Analyzing and visualizing cell-cell communication events#

In this tutorial, we demonstrate how HoloNet can be used to analyze and visualize cell-cell communication in spatial transcriptomics data.

HoloNet needs three inputs:

  1. Spatial transcriptomic data (with gene expression matrix and spatial information).
    • In this version of HoloNet, we support the spatial data based on AnnData loaded from Scanpy.

  2. Cell-type information.
    • Cell-type percentages from deconvolution methods prefer to be saved in adata.obsm['predicted_cell_type'].

    • Categorical cell-type labels prefer to be saved in adata.obs['cell_type'].

  3. Database with pairwise ligand and receptor genes.
    • A pandas dataframe, must contain two columns: ‘Ligand_gene_symbol’ and ‘Receptor_gene_symbol’.

Note

The tutorial mainly follows these steps:

  1. Load spatial transcriptomic data.

  2. Construct multi-view communication event (CE) network among single cells (each LR pair corresponds to one view).

  3. Visualize communication based on the multi-view network.

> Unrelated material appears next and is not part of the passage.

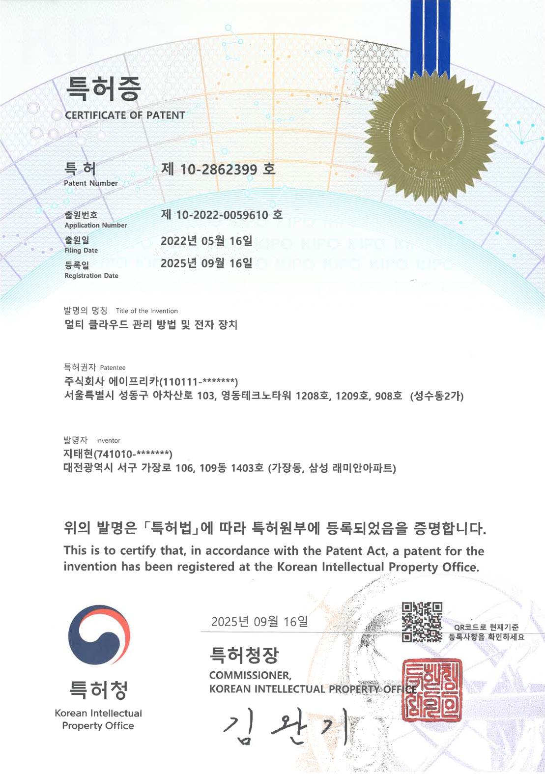 에이프리카 상표등록증 제09류

  4. Other analysis methods (such as clustering LR pairs).

import HoloNet as hn

import os
import pandas as pd
import numpy as np
import scanpy as sc
import matplotlib.pyplot as plt
import torch

import warnings
warnings.filterwarnings('ignore')
hn.set_figure_params(tex_fonts=False)
sc.settings.figdir = './figures/'

Data loading#

Loading example spatial transcriptomic data#

We prepare a example breast cancer dataset for users from the 10x Genomics website. We preprocessed the dataset, including filtering, normalization and cell-type annotation. Users can load the example dataset via HoloNet.preprocessing.load_brca_visium_10x().

adata = hn.pp.load_brca_visium_10x()

Visualize the cell-type percentages in each spot.

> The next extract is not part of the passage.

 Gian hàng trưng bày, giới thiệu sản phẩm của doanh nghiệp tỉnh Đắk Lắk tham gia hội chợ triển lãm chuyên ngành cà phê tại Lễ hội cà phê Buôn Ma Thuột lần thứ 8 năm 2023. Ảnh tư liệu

hn.pl.plot_cell_type_proportion(adata, plot_cell_type='stroma')
../_images/tutorial_CE_3_0.png

The figures outputed from HoloNet can be saved if adding fname parameter.

Note

The parameters of plotting functions in this tutorials are mainly inherited from two base plotting functions:

The cell-type label of each spot (the cell-type with maximum percentage in the spot)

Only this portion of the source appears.